Most helpful comment

I thought of making it like how SASS components are bundled. It's quite better this way, I believe.

Suppose you have 'Blogs' module with JS/Vue component(s):

Modules/Blogs/Resources/assets/js/components/ExampleComponent/ExampleComponent.vue

Then, you would have a file called _all.js in the /js directory:

Vue.component('exmaple-component', require('./components/ExampleComponent/ExampleComponent.vue'));
... and plenty more.

And in your main project's app.js:

require('./../../../Modules/PurchaseControl/Resources/assets/js/_all');

Completely avoiding having multiple lines in the main app.js.

All 12 comments

I'm not familiar enough with javascript to answer this.

This is how I've done it

Hello,
But we can not run npm build production for each module installation.

you can.
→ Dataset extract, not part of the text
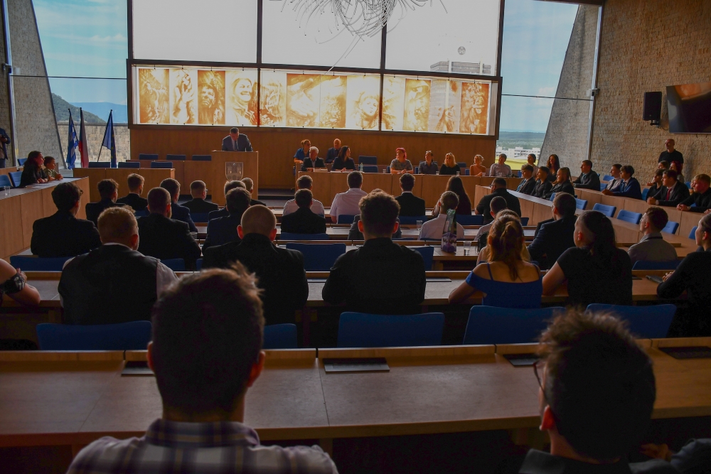 Celý tento slavnostní akt se odehrál v obřadní síni magistrátu města Mostu za přítomnosti ředitele školy PaedDr. Karla Vokáče, vedení školy a za přítomnosti náměstkyně primátora města Mostu Ing. Markéty Staré měst Mostu.

It's up to you how you want to handle these things.

Can you suggest me a solution?
When user is in shared hosting he can not run npm.

That's all up to you.
If you can't run npm on the server, commit the files.
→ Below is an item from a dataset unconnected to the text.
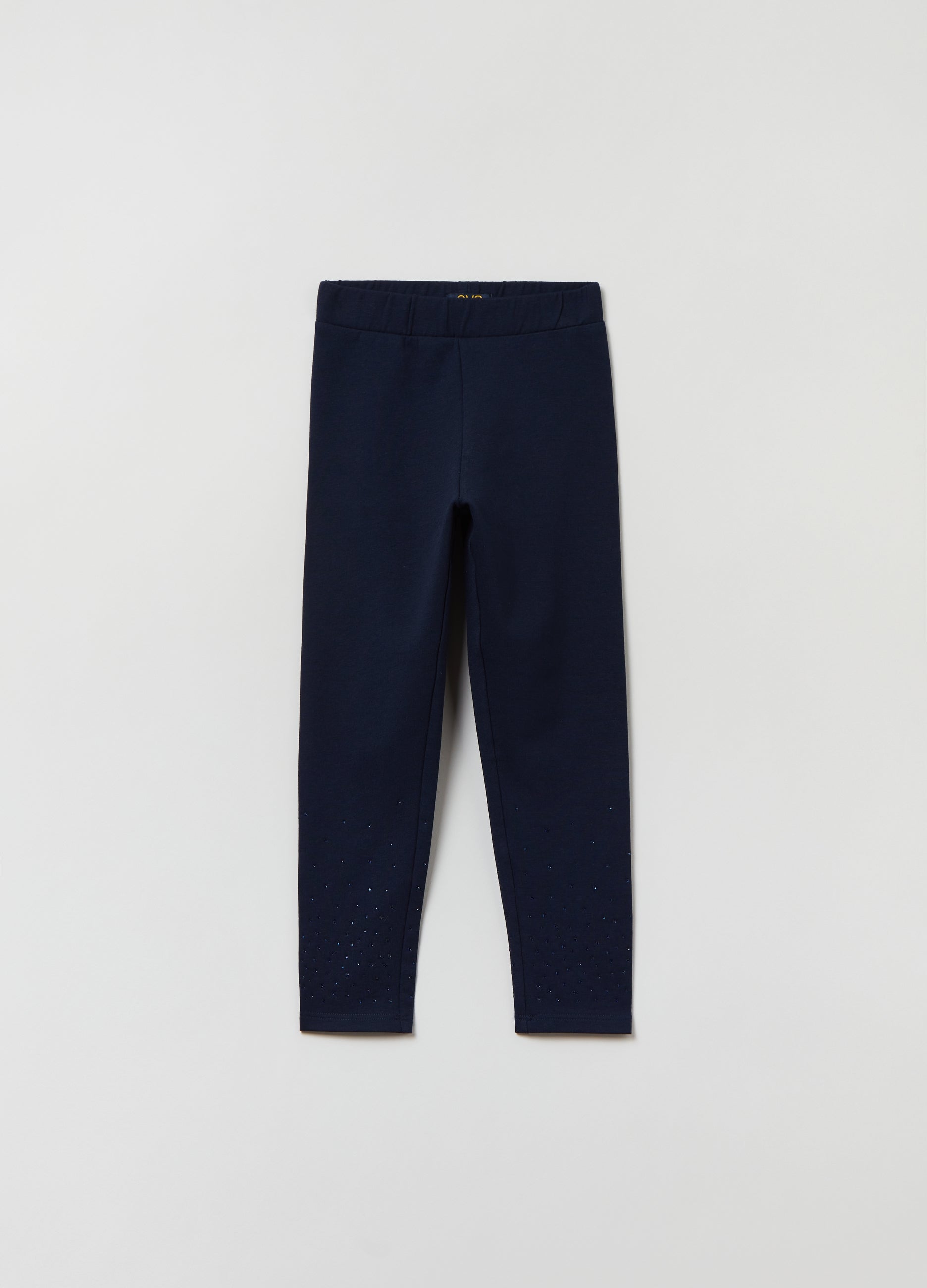 Stretch Cotton Leggings. Elasticated Waist. Beading At Bottom.

I thought of making it like how SASS components are bundled. It's quite better this way, I believe.

Suppose you have 'Blogs' module with JS/Vue component(s):

Modules/Blogs/Resources/assets/js/components/ExampleComponent/ExampleComponent.vue

Then, you would have a file called _all.js in the /js directory:

Vue.component('exmaple-component', require('./components/ExampleComponent/ExampleComponent.vue'));
... and plenty more.

And in your main project's app.js:

require('./../../../Modules/PurchaseControl/Resources/assets/js/_all');

Completely avoiding having multiple lines in the main app.js.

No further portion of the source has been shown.